San Diego-based Quidel has received FDA emergency use authorization (EUA) to market its QuickVue SARS Antigen test, a point-of-care assay for the rapid, qualitative detection of the nucleocapsid protein antigen from SARS-CoV-2 in anterior nares (NS) swab specimens directly from individuals who are suspected of covid-19 by their healthcare provider within the first 5 days of the onset of symptoms.

Quidel’s new QuickVue SARS Antigen test requires no supplemental instrumentation and is visually read. It offers excellent performance for the detection of SARS-CoV-2 (96.6% PPA versus PCR and 99.3% NPA versus PCR) in anterior nares swab samples, yielding results in just 10 minutes, thereby providing quick, reliable results to patients, their families and healthcare workers alike.

“We are proud to introduce yet another powerful diagnostic tool to aid the fight against covid-19,” says Douglas Bryant, president and CEO of Quidel Corporation. “The QuickVue rapid antigen test for coronavirus leverages our proven QuickVue visually read diagnostic platform for influenza A+B to further democratize access to affordable and highly accurate covid-19 testing across a diverse range of medical and point-of-care locations.”

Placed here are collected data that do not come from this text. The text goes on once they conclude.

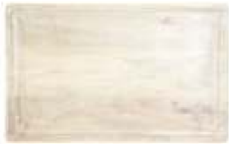
Serving Board Rectangular - White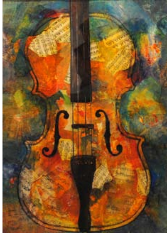
2nd place: Chromatic Variations , by Susan Giannantonio . The painting has collage relating to the subject matter with the use of music sheets. The shape of the violin and the texture of the violin was excellent. The artist also lets the eye fill in those things that aren't apparent.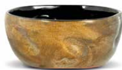
Platinum, medium BOC-DBM-P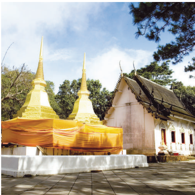
Wat Phrathat Doi Tung

Chiang Saen National Museum (พิพิธภัณฑสถานแห่งชาติเชียงแสน) is where knowledge can be sought concerning archaeology, settlements and history of the town. There are replicas of the community and scores of ancient relics including Lanna-style sculptures, Buddha statues and inscription stones from Phayao and Chiang Saen itself. In addition, there are exhibitions of indigenous art objects of the Thai Yai (ไทยใหญ่), Thai Lu (ไทยลื้อ) and other hilltribes. These items include musical instruments, ornaments,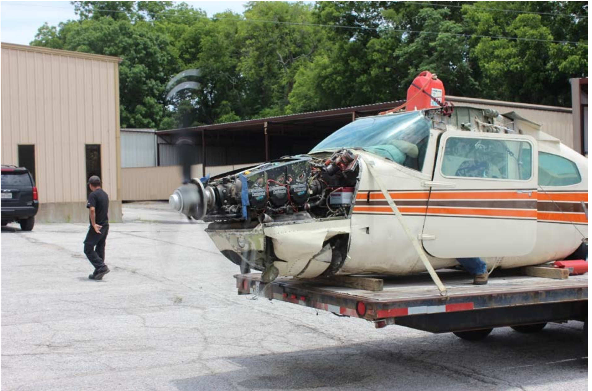
Photo 15 - Supplied photo of the engine start.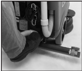
Foot-activated squeegee lift for easy operation.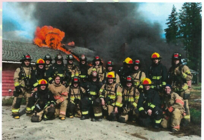
2020 ESFA Recruits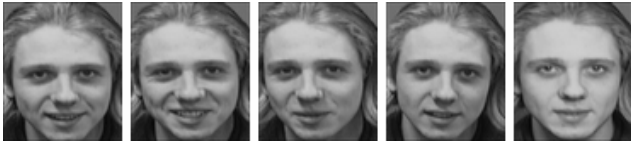
Fig. 2 Example of the images concerning one class

Matrixes \mathbf{X}_k were made of various sets of these vectors for each class. Number of vectors in matrixes was varied from 1 to 5 to reveal the dependence of recognition probability on the number of the elements in a class. Fig. 2 shows an example of five images of one person (class) on which one of 5600 \times 5 -matrixes \mathbf{X}_k was generated.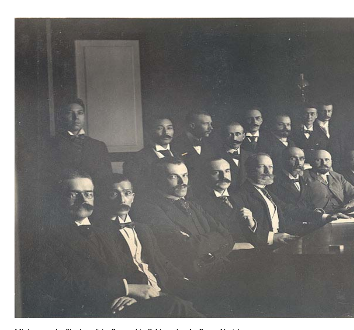
Ministers at the Signing of the Protocol in Peking after the Boxer Uprising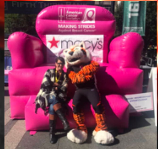
PAINT THE SQUARE PINK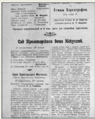
A page from the magazine "Muzychny Visnyk" with a preview of M. Lysenko State Symphony Orchestra's concert (1919 p.)

After the establishment of the Soviet power, the Orchestra was funded from the budget of the People's Commissariat (Soviet Ministry) of Education and it continued its performances as Republican Symphonic Orchestra named after M. Lysenko. During short period of its independent existence the musicians took part in four musical meetings devoted to J. Bach, prepared six programs made up of P. Tchaikovsky's works. In April 1919 were held author's concerts of R. Gliere and O. Skryabin. Simultaneously continued symphonic meetings at the summer bandstand of Proletarsky Park in Kiev.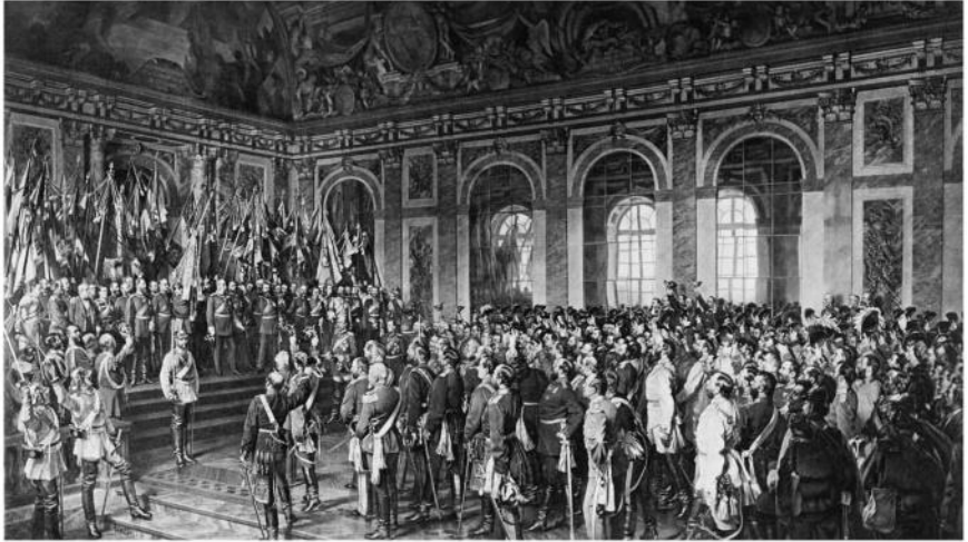
Figure 3. A von Werner, The Proclamation of the German Empire , Palace Version (1877)

the same breath, proceeded to outline their ‘equitable’ claims 132 as against those of Germany; or, at least, those equitable claims that Germany was assumed to have, 133 as it had not been given a recognised platform to make those claims known. So much for the ‘free, open-minded and absolutely impartial adjustment of all colonial claims’ that had been promised: Germany’s ‘overseas possessions’ would now set sail on a different course, 134 ‘such peoples form[ing] a sacred trust of civilization’ as proclaimed by Article 22 of the Covenant of the League of Nations. 135 More problematic still was the projection of the ‘interests’ (as opposed to the ‘equitable claims’) of ‘the populations concerned’ whose ‘exploitation should be conducted on the principle of the “open door”’. 136 Where, though, were the Tanganyikans, the Cameroonians, the Togolandese at Paris? How were their interests ever to be made known? Were they not entitled to speak of and for themselves? And why was what was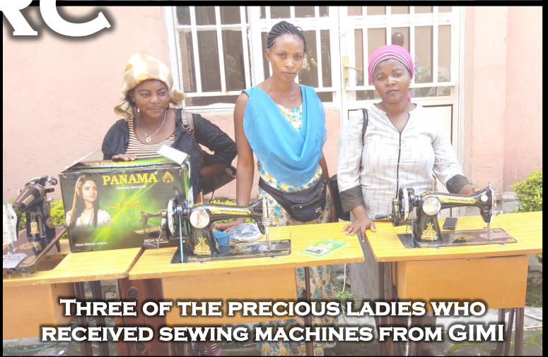
THREE OF THE PRECIOUS LADIES WHO RECEIVED SEWING MACHINES FROM GIMI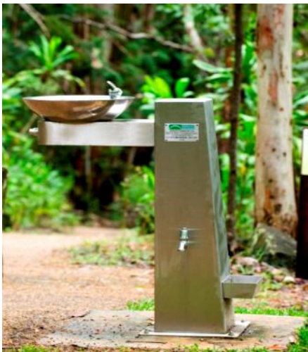
The new water bubbler in Foote Sanctuary Installed thanks to a 2009 Buderim Foundation grant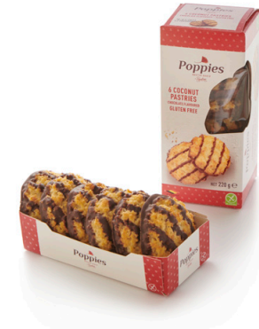
Belgian Choc Macaroons

6 large soft coconut macaroons with chocolate flavoured decoration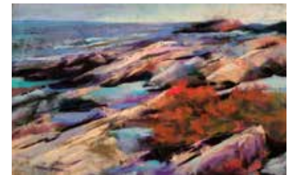
Rhode Island Coastline

The second image is the Rhode Island Coastline. Cynthia can't always get to some of these locations personally, but she can share the beauty through her art.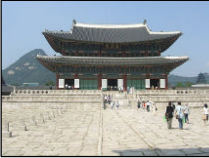
A temple in Seoul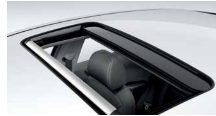
Power sunroof with anti-pinch feature 電動天窗連防夾功能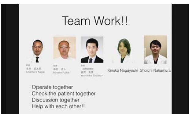
A presented slide. Picture taken at: Kyushu University Hospital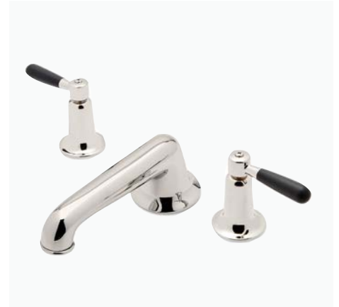
Lavatory Faucet with Two-Tone Lever Handles STYLE: RRLS10

“The flexibility of QuickVue for meeting the urgent testing needs of everyone from school systems to rural areas and even locations without electricity gives us the opportunity to do enormous good in communities across our nation and the world,” says Bryant. “We will scale immediately to supply the more than 30,000 QuickVue professional market customers we serve today and look forward to extending the benefits of this technology as broadly and rapidly as possible in the months and years ahead.”

Quidel plans to reach a production run rate of 600 million QuickVue tests per year by the end of 2021.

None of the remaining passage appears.